WASHINGTON — Say what you will about President Bush's second inaugural speech, as rhetoric goes, it was a fine effort. The president is for freedom and wants to make the world freer. He doesn't want to tell the world what to do with freedom - that's up to the newly freed folks, as he might say. He just wants more of it. It's hard to argue with that, right?
OK, there were a few points to quibble on.
There were the obvious contradictions between the president's stated goals and the reality of his first term. Freedom, after all, isn't exactly on the march in Saudi Arabia or Pakistan or China or even Russia for that matter, and the US seems to be enjoying relatively cordial relations with those countries on economic and/or political terms.
There was the weird incongruity of talking about "oppression, which is always wrong, and freedom, which is eternally right," as the president said, in a city where the parade route was essentially walled off from the rest of the city. No ticket? Find a TV.
But those specific issues are ultimately minor points to the Bush administration, which has already happily explained them away. The walls in downtown D.C. were only about safety, of course - not the thousands of protesters who got shut out. And US dealings with nations that sometimes do unsavory things is really just our way of working with them to make them freer - not our way of getting our way.
Fair enough. It's his inaugural and he deserves to be cut some slack in the spirit of bipartisanship. Beyond the soaring eloquence, however, the problem with the address was the point of the speech itself. "The best hope for peace in our world is the expansion of freedom in all the world," the president said. "America's vital interests and our deepest beliefs are now one."
Would that it were so.
In his speech last Thursday, the president played on a notion we all know well. The sentiments he expressed are at the core of the professed American belief system. They are part of what we learn in elementary school.

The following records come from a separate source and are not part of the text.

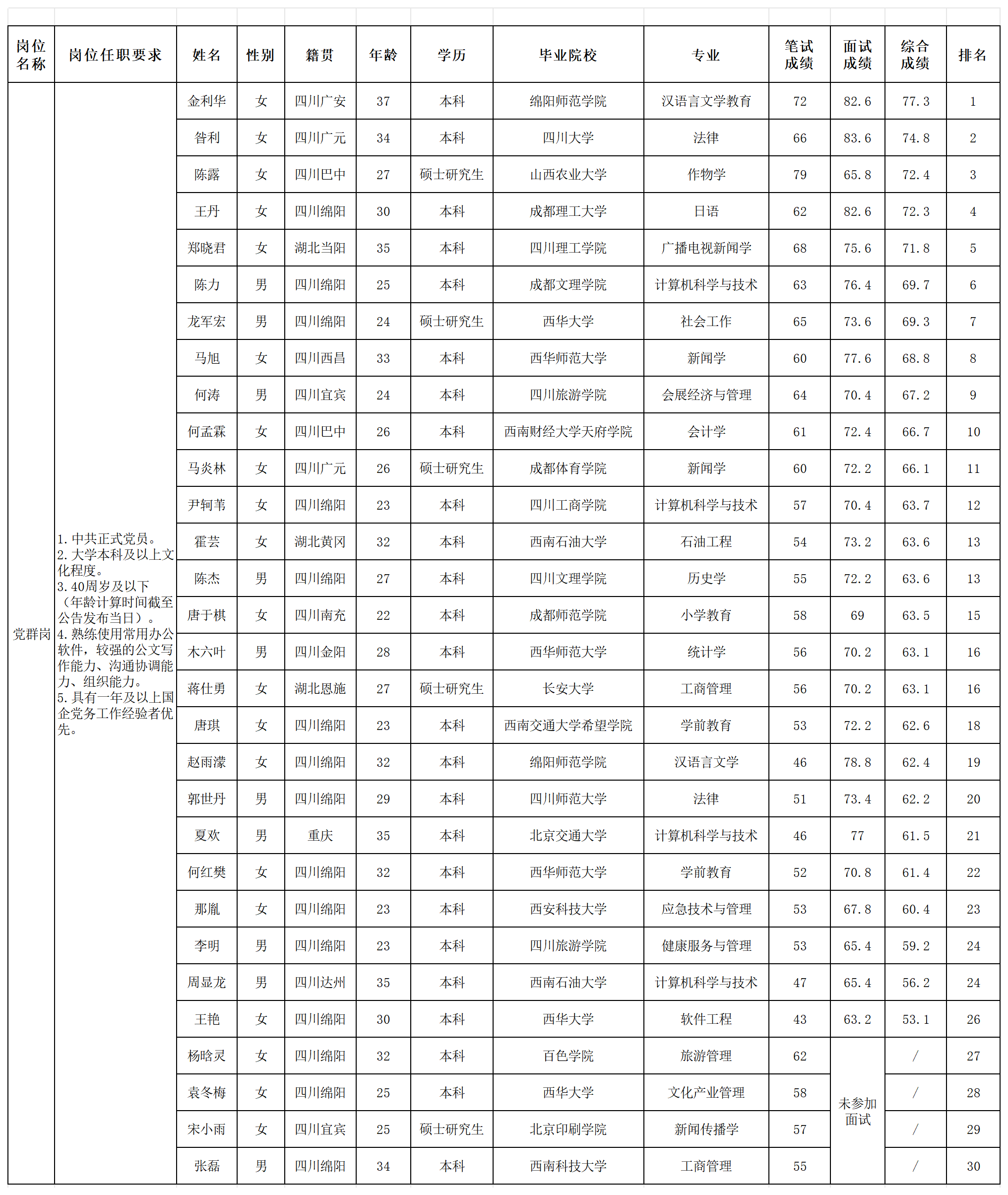 根据四川越王楼文化传播有限公司发布的招聘公告及招聘相关规定,经笔试、面试等程序,现将笔试(面试)成绩予以公示。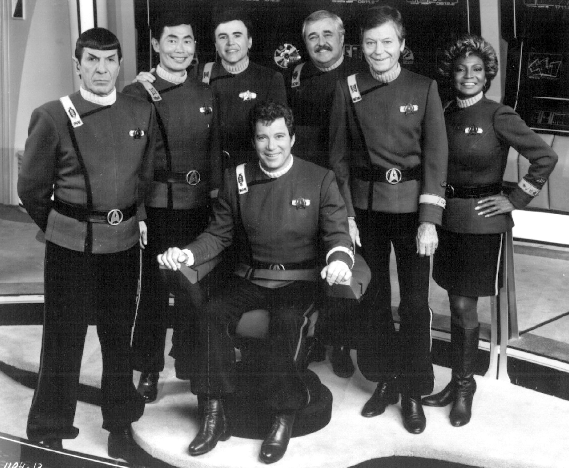 Die alte Star Trek-Crew um Captain James T. Kirk (William Shatner, vorne): (l-r) Mr. Spock (Leonard Nimoy), Sulu (George Takei), Navigator Chekov (Walter Koenig), Chefingenieur Scott (James Doohan), „Pille“ McCoy (DeForest Kelley) und Kommandant Uhura (Nichelle Nichols).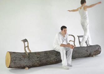 Eigentlich ist jeder Baumstamm in sich selbst eine Sitzgelegenheit. Damit man aber auch bequem sitzt, entwarf der niederländische Künstler und Designer Jurgen Bey drei klassische Stuhlrücken aus Bronze, die in den Stamm gesteckt werden sollen. So kann nach jedem Herbststurm eine neue Sitzmöglichkeit entstehen (Lieferung erfolgt ohne Baumstamm).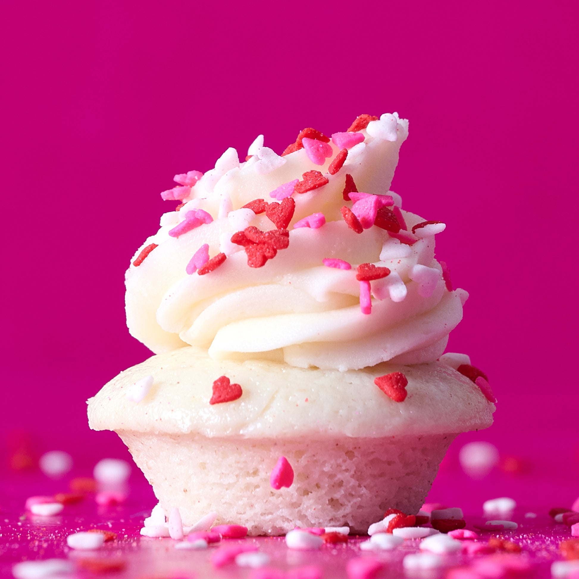 Red Velvet Cake, topped with cream cheese icing and red sugar heart sprinkle.
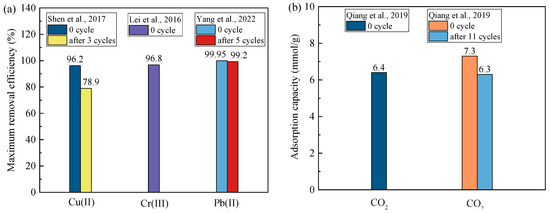 Maximum removal efficiency: (a) heavy metal ions; (b) CO2. (Data are from Refs. [14,15,16,34,66]).

We don't seek to extend our power, we want only to live our free lives and, we hope, spread ideas beyond our borders so that others, too, can live freely. This is what makes us different, we say. But that myth doesn't jibe well with reality.
The United States of America is, simply put, the most powerful economic, cultural, and military force on the planet at this particular moment in history. The chief mission of our foreign policy is, like all nation's that have occupied that coveted place, ultimately, to make sure that we hold onto that power as long as possible. In perpetuity, if that's an option.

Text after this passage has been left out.